TM usually occurs in the context of a previous or subsequent cutaneous melanoma and is associated with improved MSS. It is important that TM is recognized by pathologists and documented in pathology reports.
肿瘤性黑素沉着症(TM)是一个组织学术语,用于描述含有黑色素的巨噬细胞(噬黑素细胞)的结节状聚集,其中不存在存活的黑素细胞。它最常出现在皮肤中,临床上可能表现为色素沉着病变;然而,它也可出现在其他器官,如淋巴结。TM的存在通常被认为意味着存在消退的黑色素瘤或其他色素性肿瘤。直到最近,它还是一个相对不常见的发现;然而,随着针对黑色素瘤的有效全身治疗方法的应用,其在组织学标本中的出现更为频繁。
我们确定并回顾了2006年至2018年在单一机构报告的任何器官部位TM的所有组织病理学诊断。通过倾向评分匹配,以1:2的比例将TM病例与皮肤黑色素瘤的非TM病例配对,并比较它们的生存结果。所检查的临床结果包括无复发生存期(RFS)、无远处疾病生存期(DDFS)、黑色素瘤特异性生存期(MSS)和总生存期(OS)。
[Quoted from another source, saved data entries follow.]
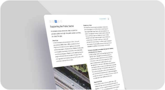 INCLUSIVE GROWTH 3 Supporting the Public Sector Rumichaca-Pasto Goldman Sachs was joint global coordinator, bookrunner, In complex areas where the risks or costs for and lead arranger on the $798 million-equivalent project private capital are high, the public sector can help 昀椀nancing for Rumichaca-Pasto, a toll road connecting the to close the gap. border crossing point between Colombia and Ecuador, with the city of Pasto, Colombia. Estimated to serve 7 million Smart Luz people, Rumichaca-Pasto will expand a major commercial In 2021, Brazilian subconcessionare Smart Luz issued route to help rural farmers reach larger markets and approximately $163 million in BRL-denominated 144a/ stimulate the local economy, in addition to generating travel- RegS bonds to 昀椀nance a street lighting public-private time savings. The transaction represents the largest social partnership project in Rio de Janeiro. Goldman Sachs acted bond tied to an infrastructure project in Latin America. as sole global coordinator, bookrunner, and sustainability California Statewide Communities Development Authority bond structuring agent. Beginning with street lighting, the (CSCDA) Workforce Housing project will modernize Rio de Janeiro through a “smart In 2021, Goldman Sachs Investment Banking raised more city” approach that includes cameras, Wi-Fi points, tra昀케c than $2.7 billion through 12 separate transactions for controllers, and manhole sensors. a CSCDA Community Improvement Authority (CSCDA CIA) public-private partnership program that utilizes governmental ownership and private sector asset management to create and sustain high-quality, a昀昀ordable housing for middle-income earners (also known as essential or workforce housing). This transaction series included the 昀椀rst social bond issuance in the essential housing sector, and each of the 12 transactions were ultimately designated social bonds pursuant to a social bond framework, which the Goldman Sachs team crafted with the issuer. Republic of Chile In July 2021, Goldman Sachs led a $5.8 billion multi- tranche and multi-currency social bond o昀昀ering for the Republic of Chile in support of the government’s COVID-19 relief package. The bond o昀昀ering represented the fourth consecutive transaction Goldman Sachs led for the Republic of Chile in 2021 (amounting to more than $9 billion in proceeds) — and further cemented Chile as the most active sovereign issuer of ESG bonds in Latin America. Chile intends to invest proceeds from the social bonds into projects that may qualify as eligible social expenditures under Chile’s Sustainable Bond Framework. Sustainability Report 2021 Inclusive Growth | De昀椀ning and Executing on Our Strategy 68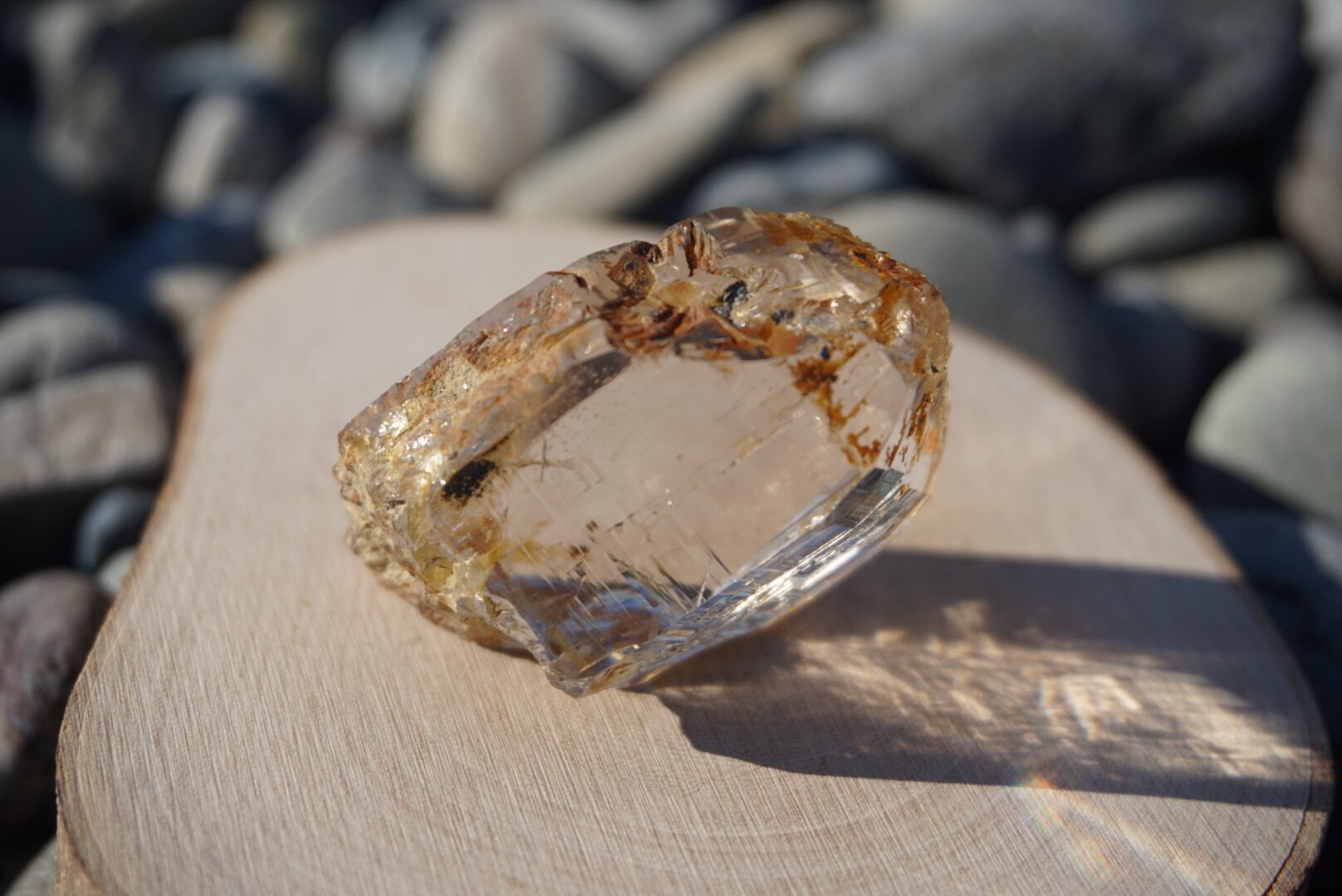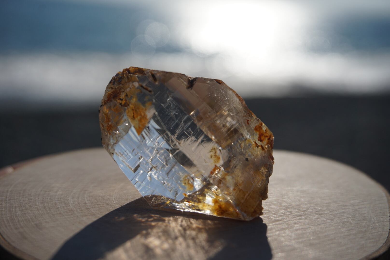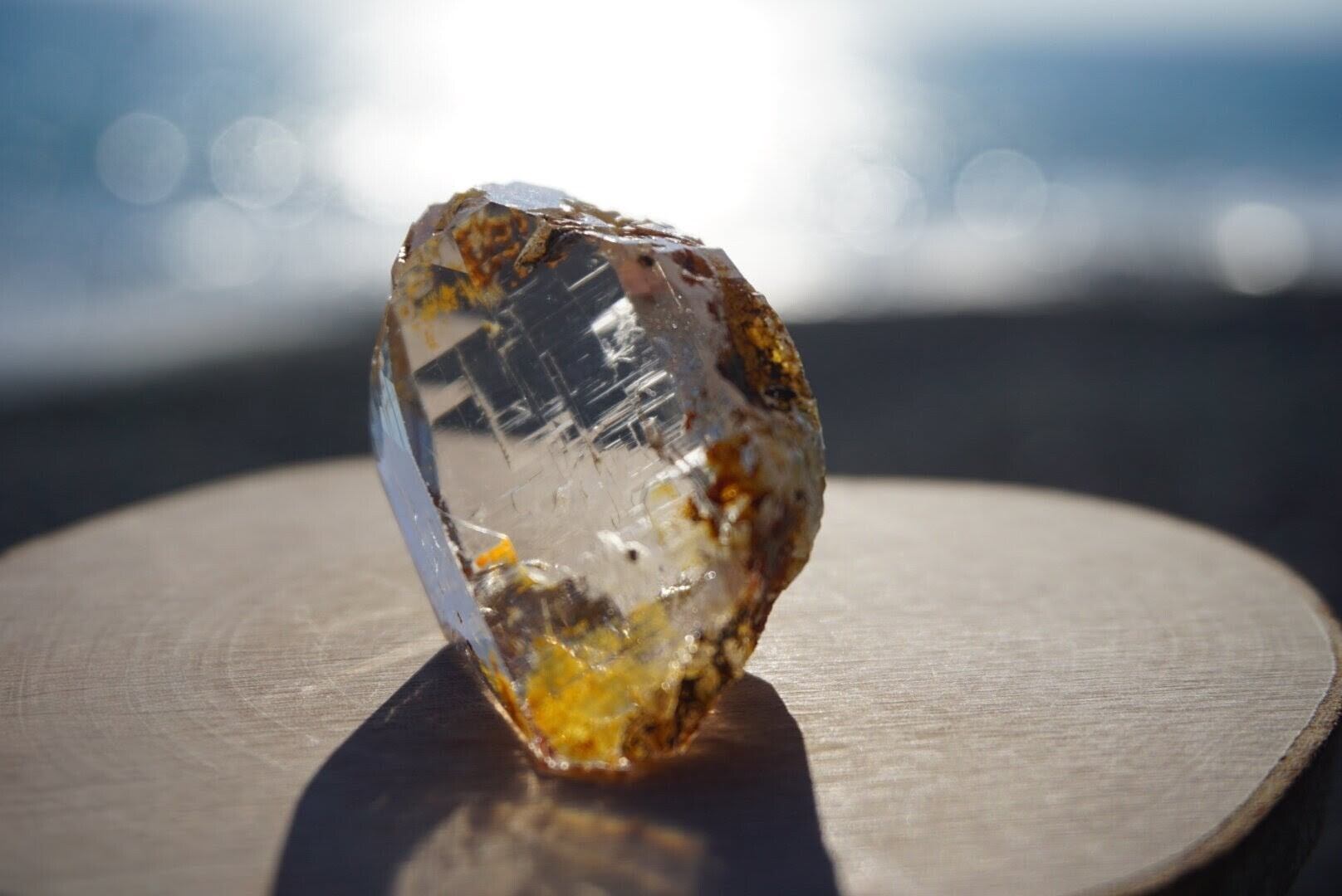 ポイントの表面に淡いオレンジのリモナイトやマグネシウムなどの鉄分が長い時間をかけ水晶の表面にコーティングされたゴールデンヒーラーと呼ばれる水晶です。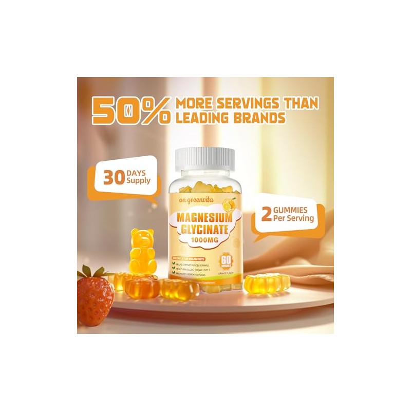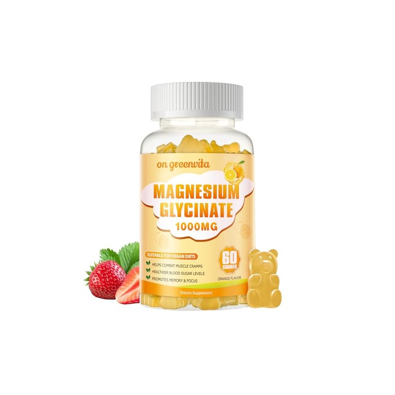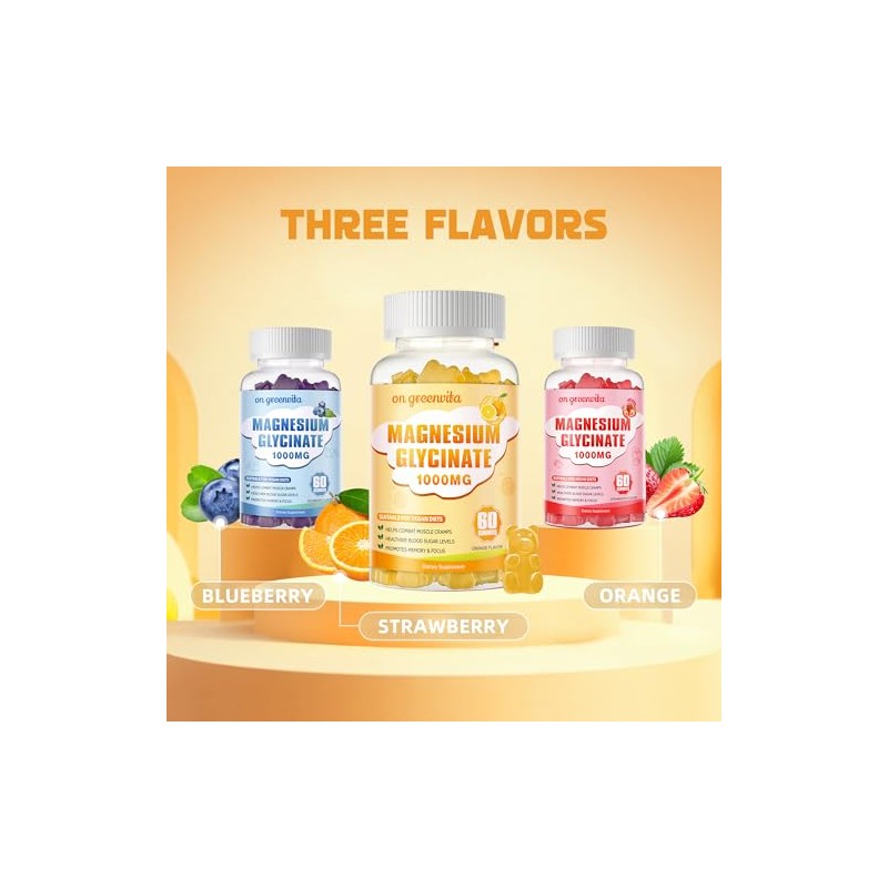 on greenvita Magnesium Glycinate Gummies 1000mg - Sugar Free Magnesium Potassium Supplement with Vitamin D, B6, CoQ10 for Calm Mood & Sleep Support - 60 Orange Gummies

报告了79例TM患者。他们的中位年龄为65岁(范围22 - 88岁),男性占主导,男女比例为2:1(79例中有51例,占65%)。最常受累的器官是皮肤(67%),所有病例中有三分之一局限于下肢(36%)。TM与黑色素瘤的存在(91%)以及黑色素瘤其他部位的消退(54%)密切相关,表明它是针对黑色素瘤的全身免疫反应的一部分。大多数TM患者之前或之后在与TM相同的解剖区域发生了组织学确诊的黑色素瘤(89%)。35例TM患者与70例非TM病例进行了匹配。在没有先前区域或全身治疗的情况下发生TM的黑色素瘤患者的MSS有所改善(p = 0.03),而在RFS、DDFS和OS方面未观察到统计学上的显著差异。
TM通常发生在先前或随后的皮肤黑色素瘤背景下,并与MSS改善相关。病理学家认识到TM并在病理报告中记录很重要。